In 1649, just after the English Civil
Wars, anti-monarchist leader Oliver Cromwell arrived in Ireland to put down an
anti-English rebellion. England had exercised colonial control over Ireland
since before the Norman invasion, but the Irish had rebelled in 1641. Cromwell
arrived intent on putting Ireland firmly under English control with fire and
sword, but questions concerning his willingness to apply them remain. Cromwell
ordered two brutal massacres, but could they qualify as genocidal considering
military standards of the time? English forces certainly committed genocide against
the Irish people following Cromwell’s retaking of Ireland, but should
Cromwell’s massacres be lumped in with these actions?
About
the fact that England committed genocide against Ireland in the mid-seventeenth
century there cannot be any doubt (please see footnotes for details). I would argue
that confiscating more than half a nation’s land, executing its political and
religious elites and forcing its population into a tiny fraction of its area in
order to break up its national pattern for ethnic and religious reasons
qualifies as genocide. That being argued, the remaining question is whether
Cromwell’s massacres should be considered part of it.
Cromwell
commanded two major massacres, both after sieges: Drogheda and Wexford. Wexford
is an unsure case, as Cromwell claimed his troops killed the defenders after
breaking through their defenses without his knowledge while he was involved in
surrender negotiations, and will therefore not be discussed.
After
arriving in Ireland in 1649, Cromwell took his forces to the
Royalist-and-Irish-Coalition controlled fortified town of Drogheda. His troops
besieged the town, and after his artillery made breaches in their walls
Cromwell offered the defenders a chance to surrender, which they declined.

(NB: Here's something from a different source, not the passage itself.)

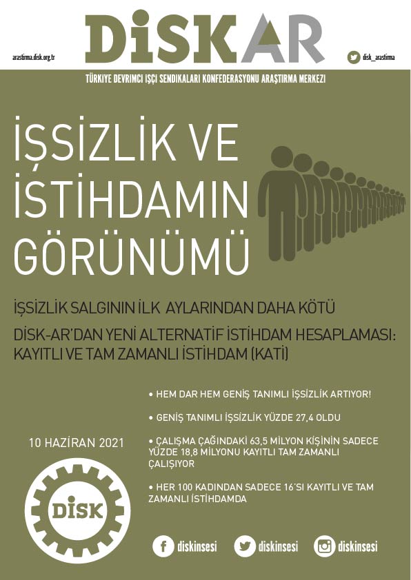 TÜİK Nisan 2021 dönemi gösterge işsizlik oranı olarak ifade ettiği mevsim etkisinden arındırılmış dar tanımlı işsizlik oranını yüzde 13,9 ve TÜİK’in âtıl işgücü olarak adlandırdığı, DİSK-AR’ın ise geniş tanımlı işsizlik olarak ifade ettiği oranı yüzde 27,4 olarak açıkladı. Böylece mevsim etkisinden arındırılmış dar tanımlı işsizlik oranı son bir yılda 0,2 puan, bir aylık dönemde ise 0,9 puan arttı. Mevsim etkisinden arındırılmış geniş tanımlı işsizlik (âtıl işgücü) oranı ise son bir yılda 0,6 puan azaldı ve son bir aylık dönemde ise 0,9 puan arttı.
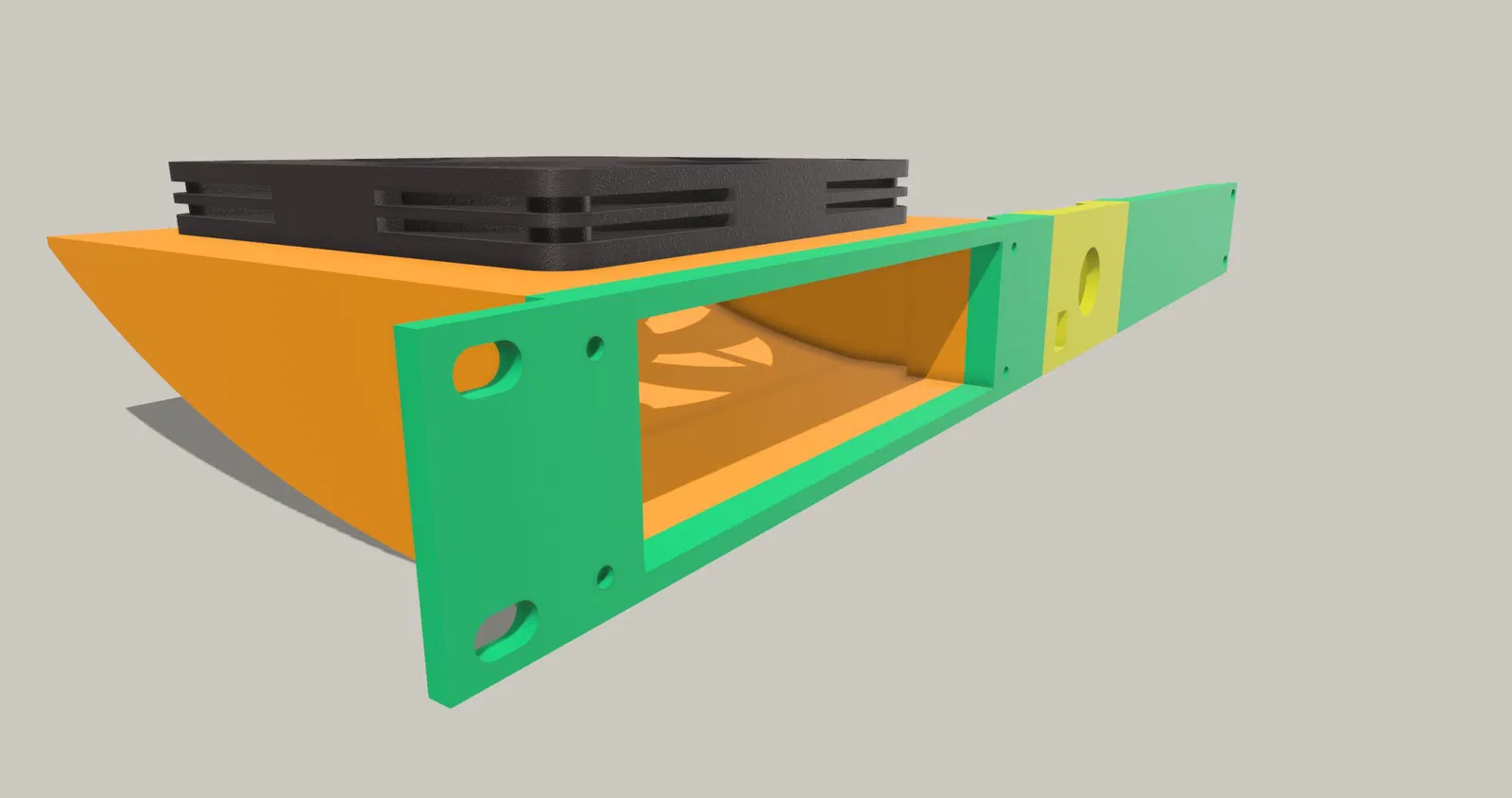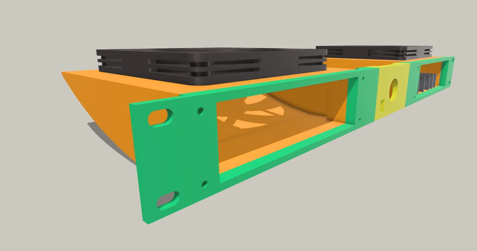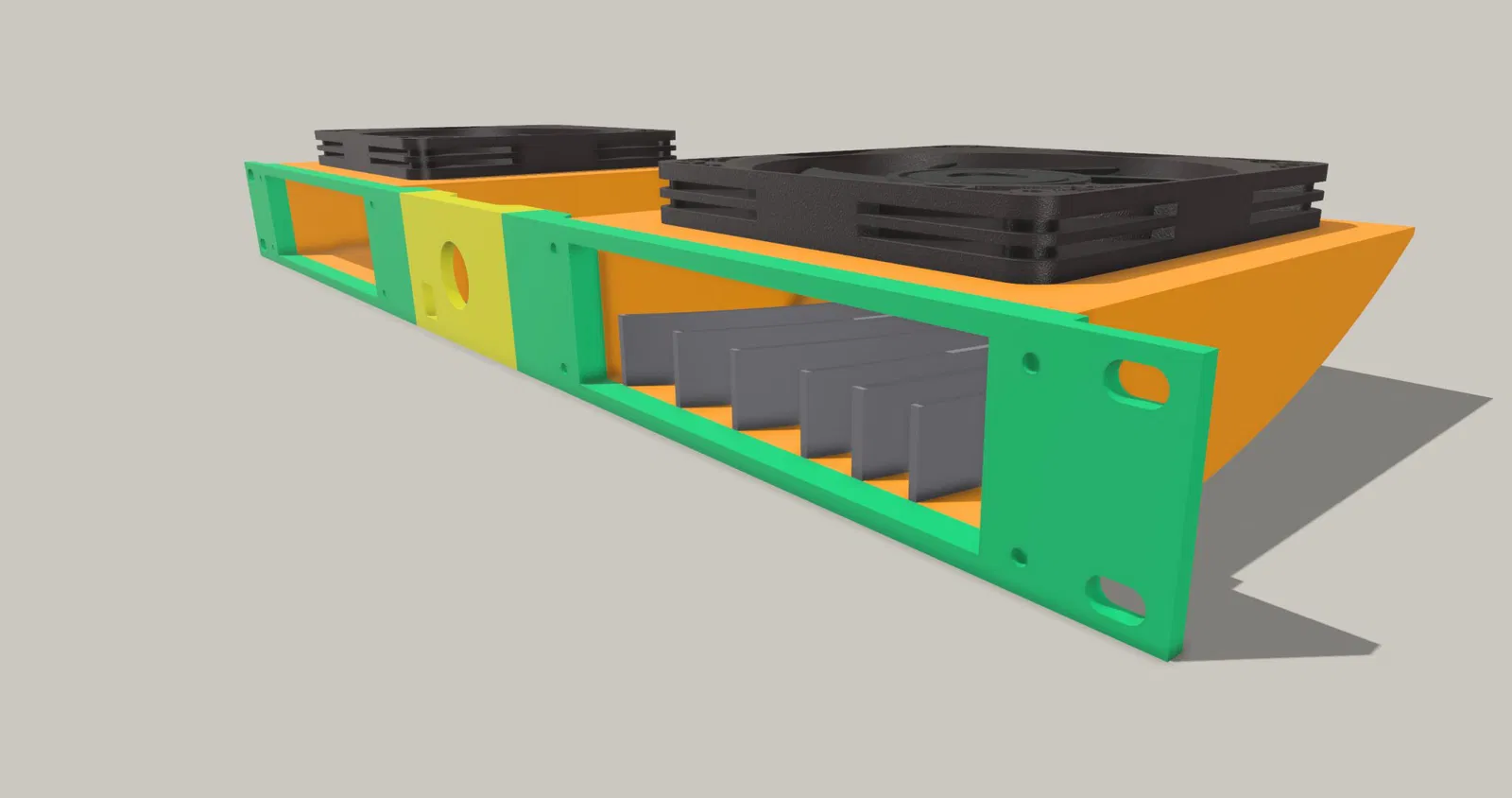 Thiết kế có một nhu cầu đơn giản, đó là làm mát một kệ 1U. Trong quá trình sản xuất, nó cần phải vừa với bàn in nhỏ của tôi để làm mát không khí như một giải pháp tạm thời. Nhưng nó hoạt động rất tốt nên tôi sẽ để nó được lắp đặt.

Cromwell’s forces assaulted and took the town, and executed all captives,
including about 2,500 soldiers and 700-800 civilians. While this behavior seems
barbaric by modern standards, it was not entirely out of line with military
practice at the time. (See footnote)
This does not, of course, resolve
the issue of the civilians. While in medieval sieges, civilians in stormed
castles would be killed or enslaved along with their armed counterparts, and
the practice continued intermittently through the seventeenth century, by this
time it was no longer the rule. Furthermore, Cromwell was well known to harbor
strong anti-Irish and anti-Catholic sentiments (see footnote); does the
combination of these two facts make this massacre genocidal?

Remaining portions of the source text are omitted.